Exercise aim
Begin at the top of the entries below and write out every line through the one containing "Figura 2. Relación", excluding pictures.
****
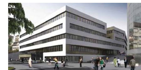
Visualisation du bâtiment Microcity: Erne + Bauart
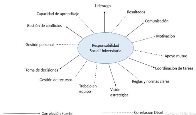
Figura 2. Relación entre la Responsabilidad Universitaria y los elementos asociados a la Calidad directiva.

Por tanto, se puede concluir que el Liderazgo, Gestión de conflictos, Comunicación, Toma de decisiones, Visión estratégica y Coordinación de tareas poseen relación con la responsabilidad social universitaria.
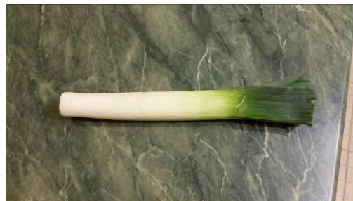
15. Берём лук-порей
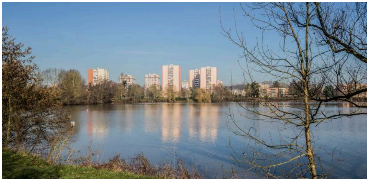
Vue du lac et des immeubles de la rive nord.
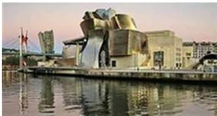
Guggenheim-Museum in Bilbao

Ein Höhepunkt im kommenden Jahr ist unsere Studienreise von Bilbao nach Porto , die vom 29. 05. – 11. 06. 2023 stattfinden wird. Die Anmeldeunterlagen finden Sie als Anlagen zu dieser Mail im PDF-Format oder auf unserer Homepage. Bei Interesse schicken wir Sie Ihnen auch gerne per Post zu. Rufen Sie an oder schicken Sie uns eine Mail oder eine Nachricht über unser Kontaktformular.
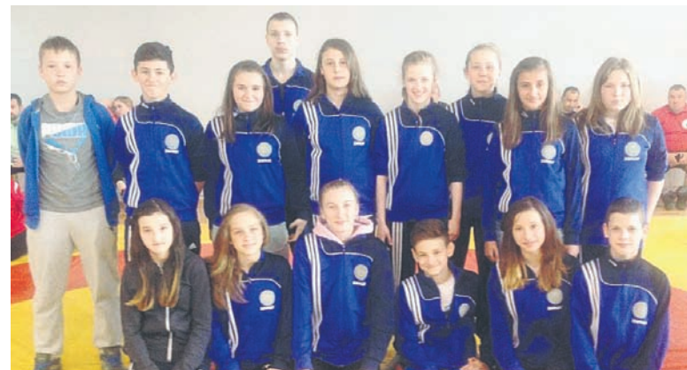
Kolejny dobry występ rudzian.

W dniach 8-9.05. w Krotoszynie rozegrany został Ogólnopolski Turniej Młodzików i Młodziczek w zapasach w stylu wolnym. W zawodach uczestniczyło 240 zawodniczek i zawodników z całego kraju. Sławię reprezentowała piętnastoosobowa ekipa – pięciu chłopców i dziesięć dziewcząt.
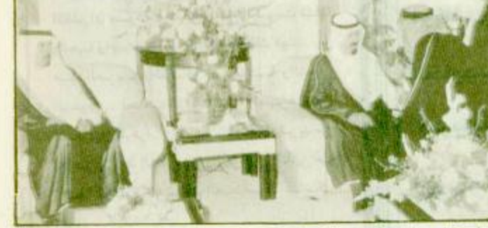
استقبل صاحب السمو الملكي الأمير عبد الله بن عبدالعزيز ولي العهد ونائب رئيس مجلس الوزراء ورئيس المجلس الأعلى للدراسات الإسلامية
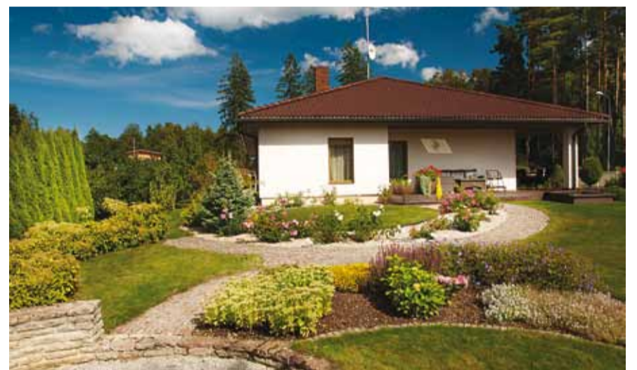
Haabneeme, Nurmela tee 3, Marju Tank.
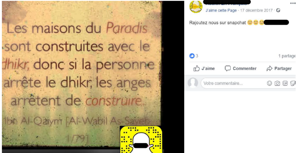
FIGURE 1 – Figure 1 : Extrait de corpus Facebook collecté le 23 décembre 2017 sur la page Hadith en Français .
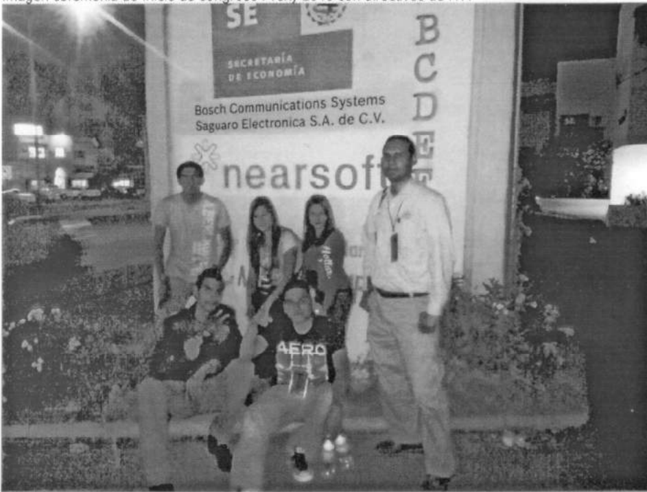
En empresa Nearsoft
****
Output for this exercise
Visualisation du bâtiment Microcity: Erne + Bauart
Figura 2. Relación entre la Responsabilidad Universitaria y los elementos asociados a la Calidad directiva.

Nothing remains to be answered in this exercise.